═════ Records provided ═════

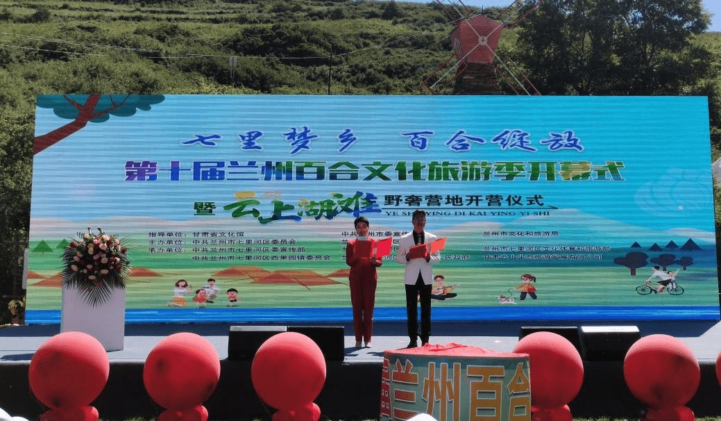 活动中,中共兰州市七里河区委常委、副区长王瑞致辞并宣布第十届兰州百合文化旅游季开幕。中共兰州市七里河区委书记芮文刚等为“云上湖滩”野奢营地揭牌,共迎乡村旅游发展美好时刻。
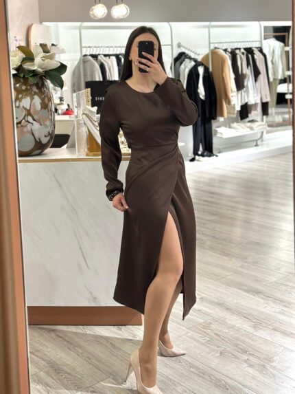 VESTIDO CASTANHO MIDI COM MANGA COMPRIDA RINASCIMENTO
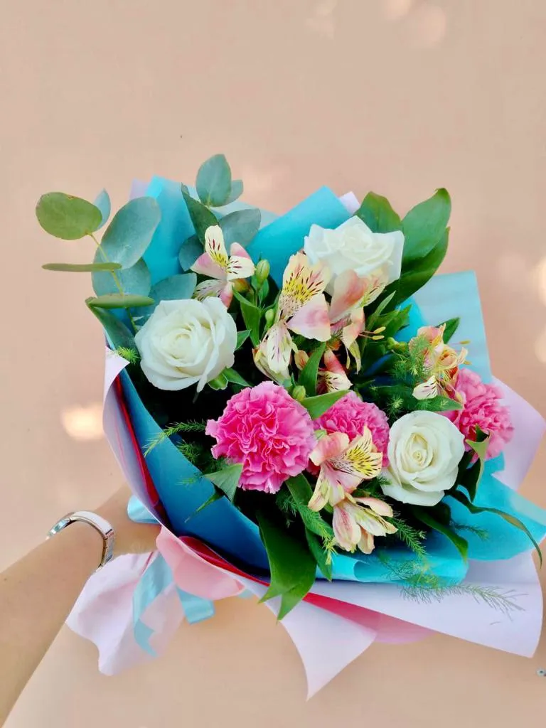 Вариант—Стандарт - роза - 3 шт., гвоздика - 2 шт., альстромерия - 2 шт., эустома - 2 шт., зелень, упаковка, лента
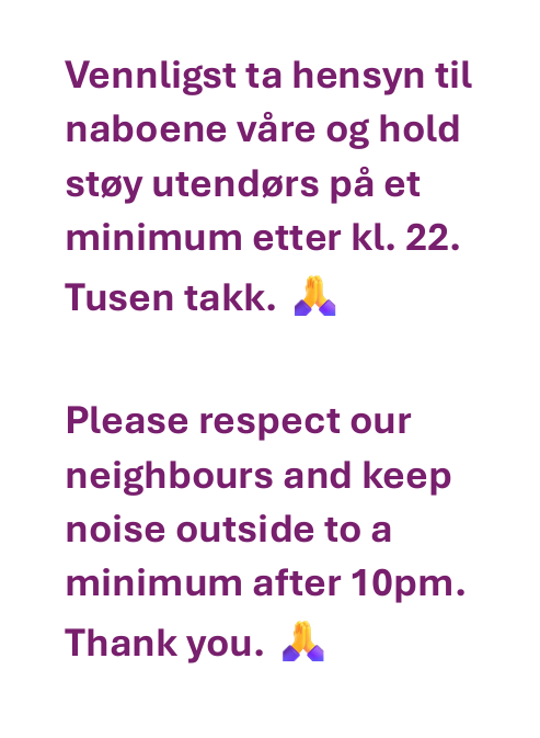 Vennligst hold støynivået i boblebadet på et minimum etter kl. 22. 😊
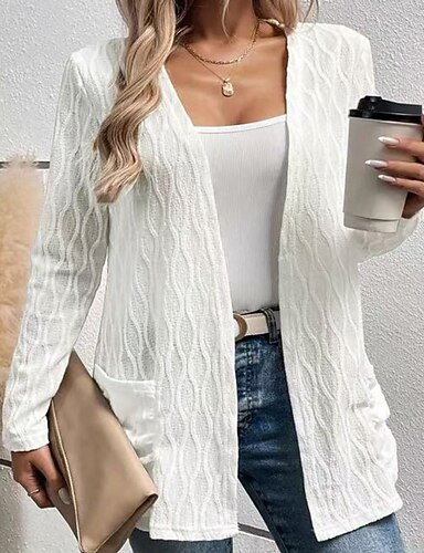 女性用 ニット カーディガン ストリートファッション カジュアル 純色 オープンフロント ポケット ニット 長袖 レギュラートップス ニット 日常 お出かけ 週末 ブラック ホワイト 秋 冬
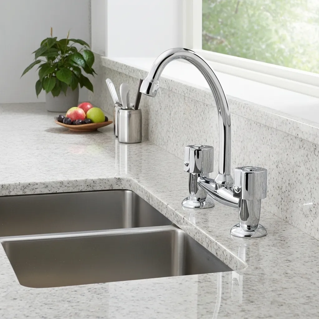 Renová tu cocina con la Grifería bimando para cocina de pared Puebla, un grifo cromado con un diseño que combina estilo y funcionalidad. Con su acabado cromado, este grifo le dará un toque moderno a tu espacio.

═════

__Exercise objective__: Return exactly the lines that begin with the one containing "VESTIDO CASTANHO MIDI" and end with the final line of the data above; include no pictures.

__Exercise solution__:
 VESTIDO CASTANHO MIDI COM MANGA COMPRIDA RINASCIMENTO
 Вариант—Стандарт - роза - 3 шт., гвоздика - 2 шт., альстромерия - 2 шт., эустома - 2 шт., зелень, упаковка, лента
 Vennligst hold støynivået i boblebadet på et minimum etter kl. 22. 😊
 女性用 ニット カーディガン ストリートファッション カジュアル 純色 オープンフロント ポケット ニット 長袖 レギュラートップス ニット 日常 お出かけ 週末 ブラック ホワイト 秋 冬
 Renová tu cocina con la Grifería bimando para cocina de pared Puebla, un grifo cromado con un diseño que combina estilo y funcionalidad. Con su acabado cromado, este grifo le dará un toque moderno a tu espacio.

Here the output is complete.